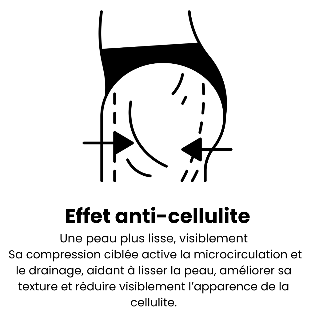Les effets à long terme sur l’apparence de la cellulite et la fermeté de la peau apparaissent avec un port régulier après quelques semaines.
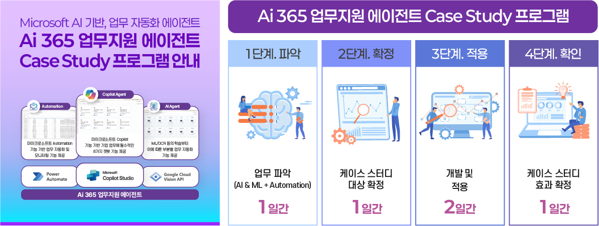 Microsoft AI 기반 업무자동화 에이전트 Ai 365 업무지원 에이전트 Case Study 프로그램 안내
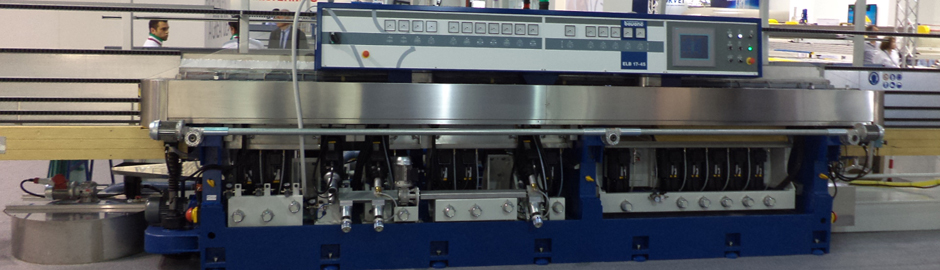 Maquinaria y equipos industriales para procesar vidrio plano: Transportar, manipular, cortar, canto pulir, perforar, biselar, lavar, templar, laminar y curvar.
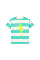 Chilled days call for this stylish green and white stripe T-shirt with yellow bolt detail. Made from super soft, organic cotton to keep them cool, while the comfortable loose fit lets them move around freely.
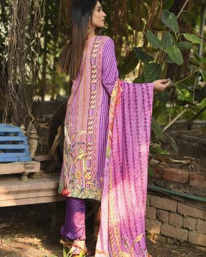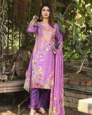 Quality: Digitel Premium Lawn Embroidered Shirt 90/88 Digital Krinkel Embroidered Dupatta Dyed Troused
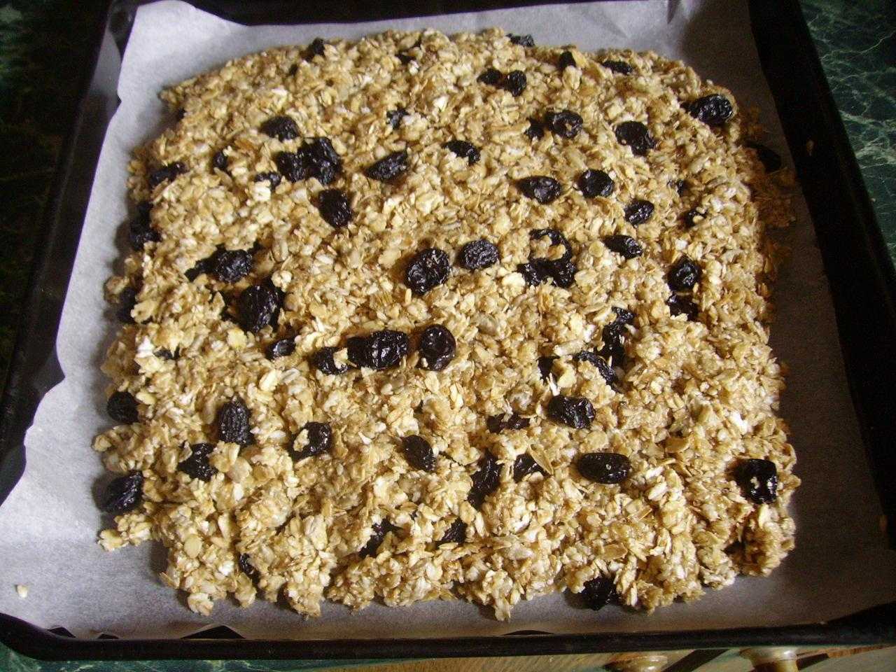 Просто смешайте все ингредиенты. У вас получится липкая овсяная масса. Выкладываем ее на пергамент (высота не более 1,5 см) и отправляем в духовку, разогретую до 180 градусов. Выпекать диетические батончики мюсли следует 30 минут. Когда диетические мюсли остынут, их надо будет разрезать на кусочки.

Your objective:
Although the records contain pictures, only the text should be copied, exactly as it stands.

Response to the task:
Les effets à long terme sur l’apparence de la cellulite et la fermeté de la peau apparaissent avec un port régulier après quelques semaines.
 Microsoft AI 기반 업무자동화 에이전트 Ai 365 업무지원 에이전트 Case Study 프로그램 안내
 Maquinaria y equipos industriales para procesar vidrio plano: Transportar, manipular, cortar, canto pulir, perforar, biselar, lavar, templar, laminar y curvar.
 Chilled days call for this stylish green and white stripe T-shirt with yellow bolt detail. Made from super soft, organic cotton to keep them cool, while the comfortable loose fit lets them move around freely.
 Quality: Digitel Premium Lawn Embroidered Shirt 90/88 Digital Krinkel Embroidered Dupatta Dyed Troused
 Просто смешайте все ингредиенты. У вас получится липкая овсяная масса. Выкладываем ее на пергамент (высота не более 1,5 см) и отправляем в духовку, разогретую до 180 градусов. Выпекать диетические батончики мюсли следует 30 минут. Когда диетические мюсли остынут, их надо будет разрезать на кусочки.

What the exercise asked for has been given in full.